Sunday, May 19, 2013
The number of public employees in Maine who are collecting retirement pensions while also earning a salary has doubled over the past decade, a Maine Sunday Telegram analysis shows.
Lance Libby, 64, is a retired teacher who has gone back to work as a regular substitute. His wife, Linda Libby, 65, also is a retired teacher who works as a regular substitute.
Gabe Souza/Staff Photographer
Because of a reporting error, the chart misidentified Donald Siviski. He is the former superintendent of RSU 2 but currently works for the Department of Education in Augusta.
The practice – commonly known as double-dipping – has continued to grow even after the Legislature adopted restrictions in 2011 to discourage it.
At the end of 2012, there were 2,334 state employees who collected both a public pension and a taxpayer-financed salary, according to data provided by the Maine Public Employees Retirement System in response to a Freedom of Access Act request. The total includes state, county and municipal workers and represents about 6 percent of all public employees who received pensions last year.
The number of double-dippers in 2012 increased only slightly from the year before but has jumped by 86 percent in 10 years and by 150 percent in 12 years. In 2002, there were just 1,266 double-dippers in the public retirement system. In 2000, there were 936.
The top 15 employees in 2012 earned more than $150,000 in combined salary and pension benefits and the top three made more than $200,000. On the other end, 17 percent of all employees in the database made less than $1,000 on top of their pension.
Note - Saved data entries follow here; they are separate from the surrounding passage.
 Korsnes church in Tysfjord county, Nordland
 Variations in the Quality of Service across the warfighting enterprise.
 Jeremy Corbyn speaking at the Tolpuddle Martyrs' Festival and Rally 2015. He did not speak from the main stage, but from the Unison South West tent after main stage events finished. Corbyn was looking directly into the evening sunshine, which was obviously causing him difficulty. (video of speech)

To taxpayers, many of whom have lost their own pensions in the private sector, double-dipping is a source of frustration or envy. Defenders of the practice, including some working retirees, counter that there is nothing wrong with the arrangement and that it can actually save the state money. Lawmakers largely agree that the problem lies not with double-dippers but with the pension system itself.
UPDATED NUMBERS SHED NEW LIGHT
An analysis of the state’s latest “return-to-work” data by the Maine Sunday Telegram reveals:
• 224 employees, about 10 percent of double-dippers, retired and then were rehired the same day. A total of 943 employees, about 40 percent, retired and were rehired within two months.
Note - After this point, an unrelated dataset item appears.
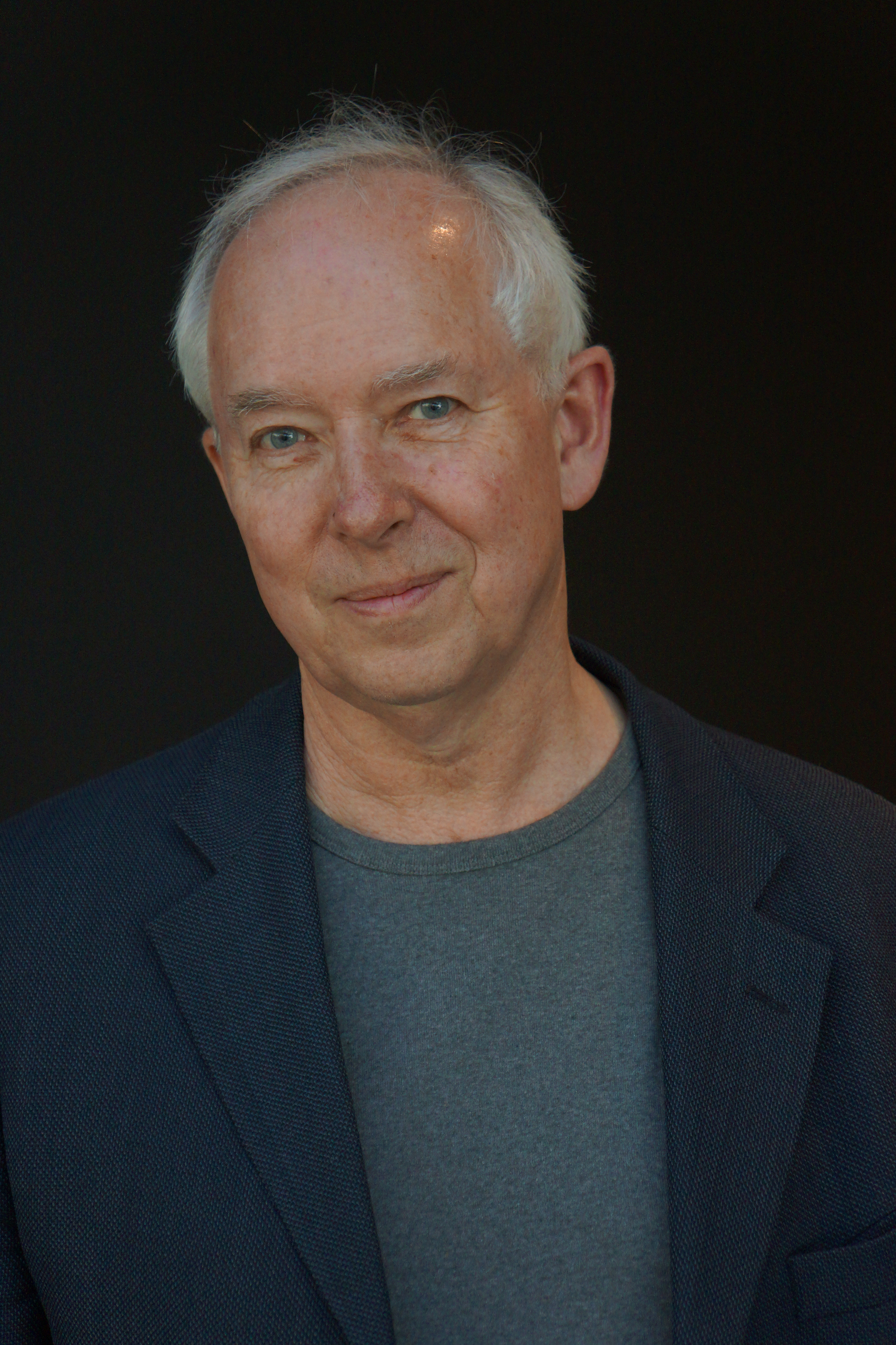 Bill Manhire in Frankfurt in October 2012.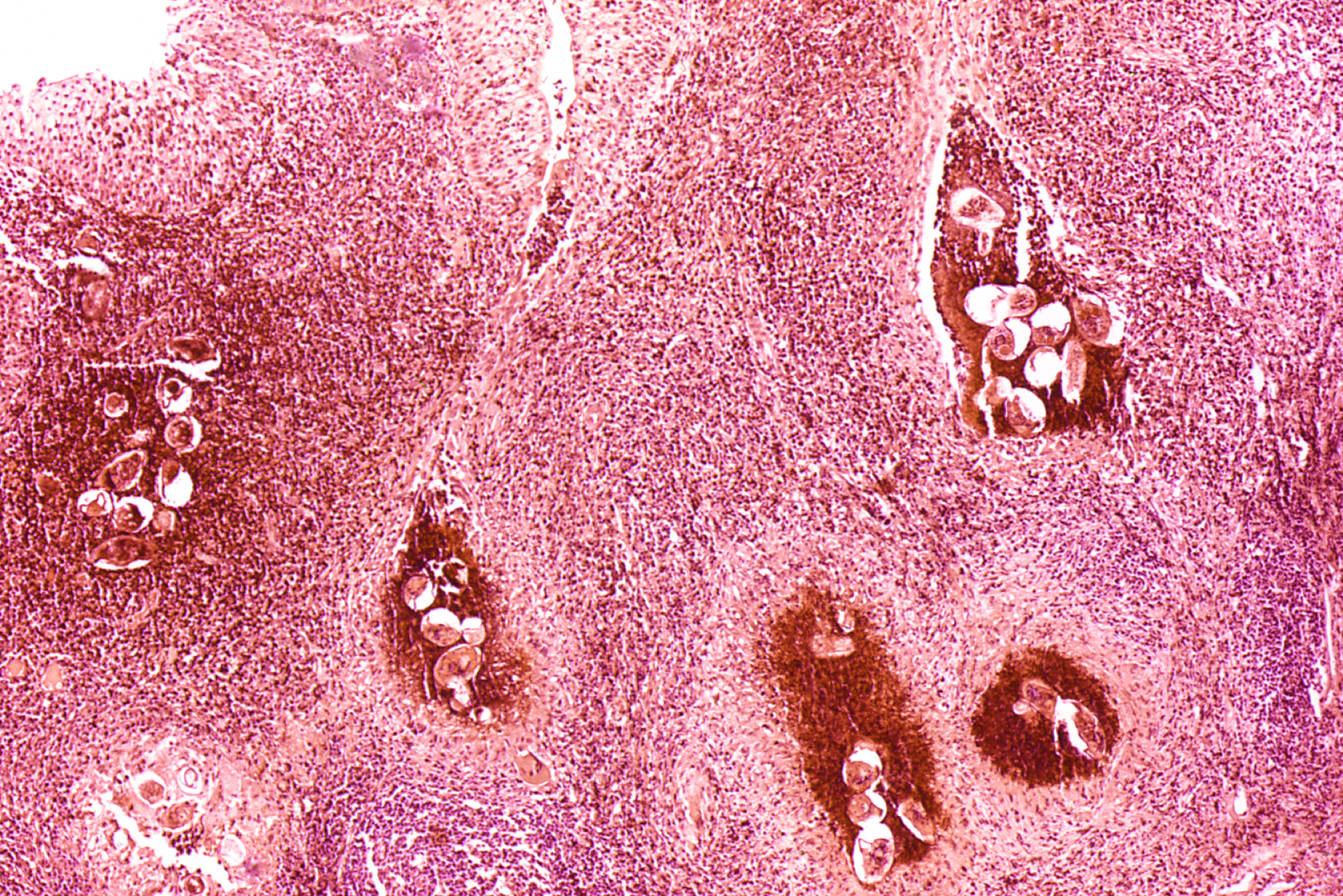 Histopathology of schistosomiasis haematobia, bladder Histopathology of bladder shows eggs of Schistosoma by intense infiltrates of eosinophils and other inflammatory cells. Parasite.

• About half have been working and collecting a pension since before 2009. About one-quarter have been working and collecting a pension since before 2005. A handful have been double-dipping since 1999.
• The average annual retirement earnings among double-dippers was $28,762, although 113 employees made more than $50,000 from their retirement.
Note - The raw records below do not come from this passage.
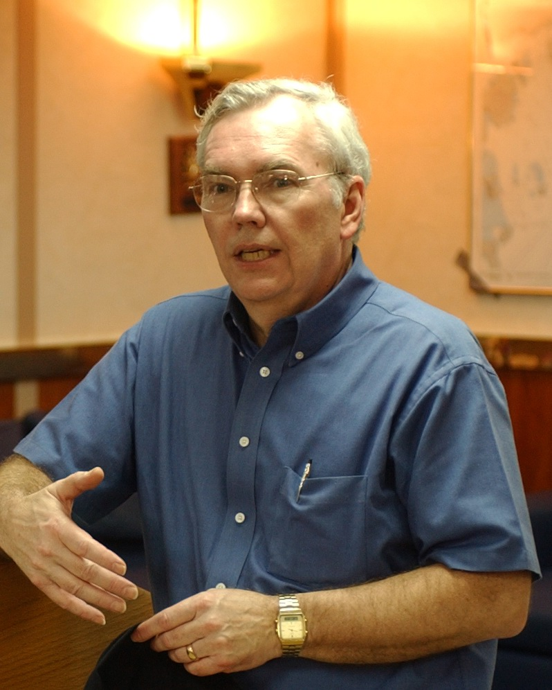 Indian Ocean (Feb. 3, 2005) — U.S. Ambassador to Indonesia, the Honorable B. Lynn Pascoe, speaks to the crew of the Military Sealift Command (MSC) hospital ship USNS Mercy (T-AH-19) during an official visit.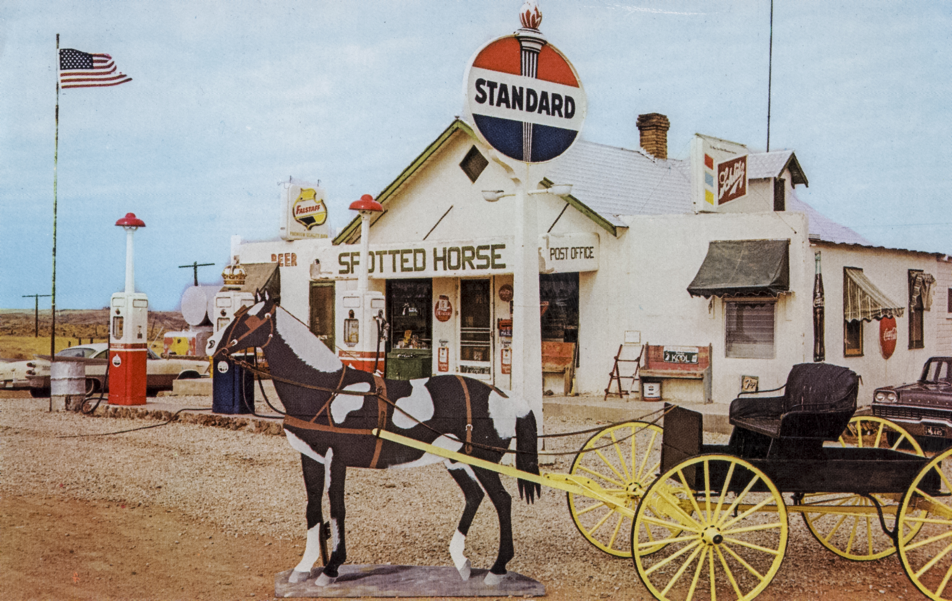 Scanned image of a post card postmarked 1960, of the store at Spotted Horse, Wyoming, USA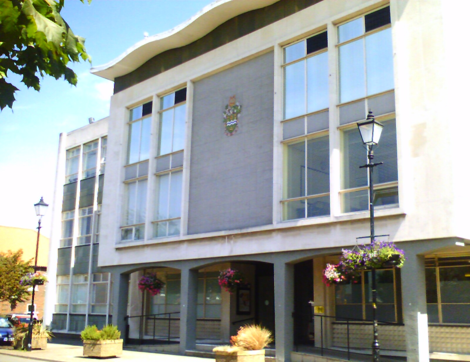 Gainsborough Guildhall. Photo by E Asterion u talking to me?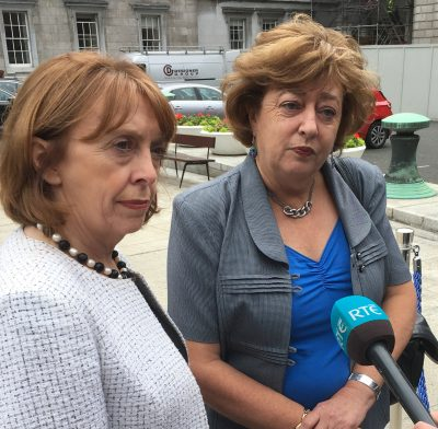 Social Democrats Co-Leaders Róisín Shortall TD and Catherine Murphy TD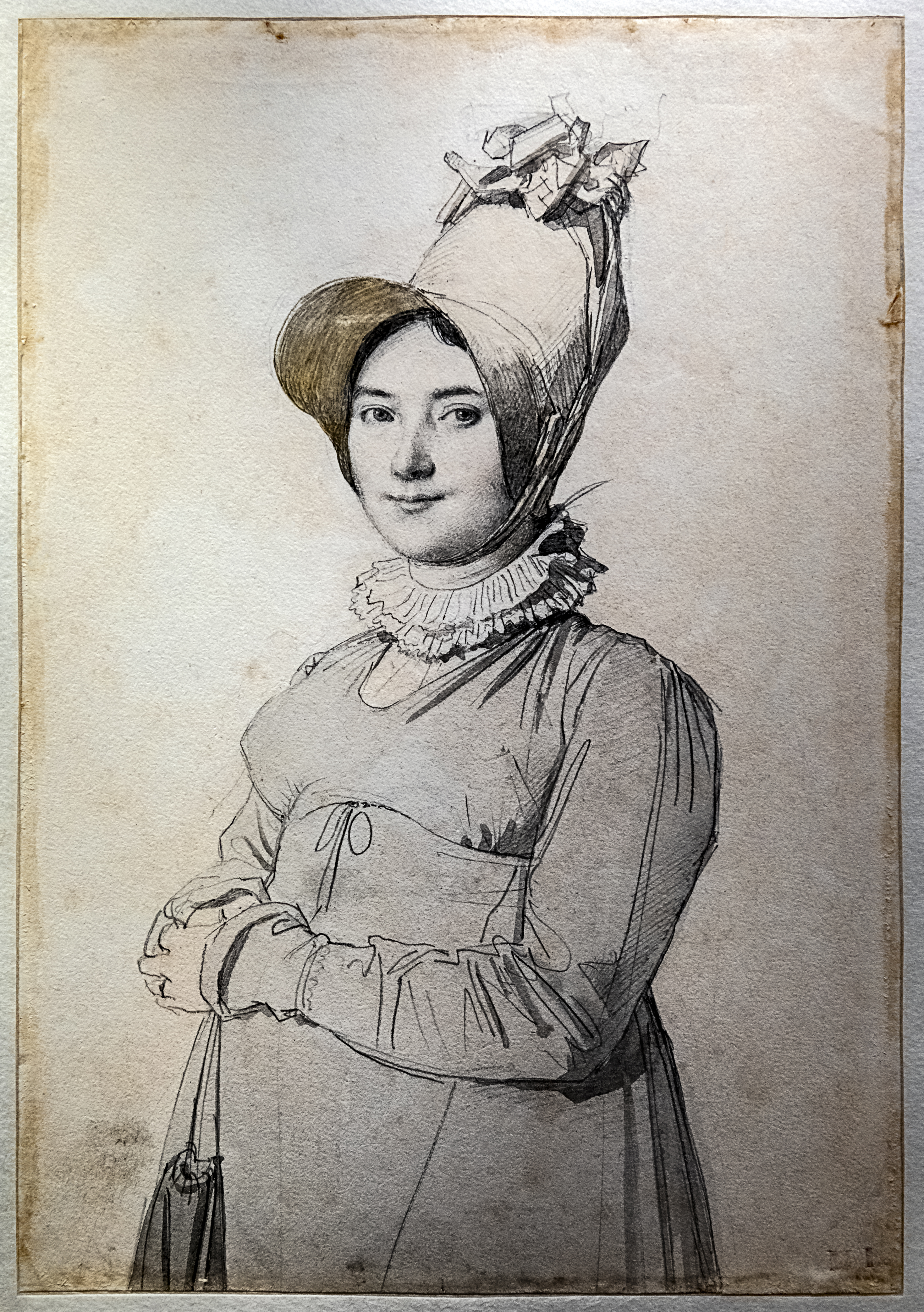 Madeleine Chapelle (1782-1849), milliner in Guéret, was put in contact with Ingres by her cousin, Adèle de Lauréal, in 1813. After some exchanges of letters, Madeleine decided to marry the kind painter who asked for her hand without knowing it. . She arrived in Rome in September and the marriage was celebrated on December 4, 1813, at the Church of San Martino ai Monti. Ingres often took her as a model.

• For 2012 earnings, 214 (9 percent) made more than $50,000, while 1,403 (60 percent) made less than $10,000.
The updated numbers shed new light on double-dipping as the Legislature prepares to debate a bill that would undo changes made two years ago in an effort to discourage the practice. As of Sept. 1, 2011, new employees who retire and go back to work can earn only 75 percent of the posted salary and can only work for five years. Based on the 2012 data, the change did little to stop the flow of new double-dippers.
Kathy Morin, a data specialist with the Maine retirement system, said the number has been increasing because people are living longer and working longer, but also because of economic concerns such as high health care costs. The actual number of state retirees who have gone back to work is much higher because the state does not track those who are rehired in the private sector.
Opinions about double-dipping range from Gov. Paul LePage, who in January referred to these workers as “unconscionable” and “absolutely disgusting,” to Maine Education Association President Lois Kilby-Chesley, who said employees are just collecting benefits earned through years of service.
Because state pensions are guaranteed benefits, retirees get the same amount of pension money no matter what is in the fund. However, because the fund has taken a hit in a bad economy, the state and municipalities have been forced to subsidize the retirement fund. That’s where the criticism comes in.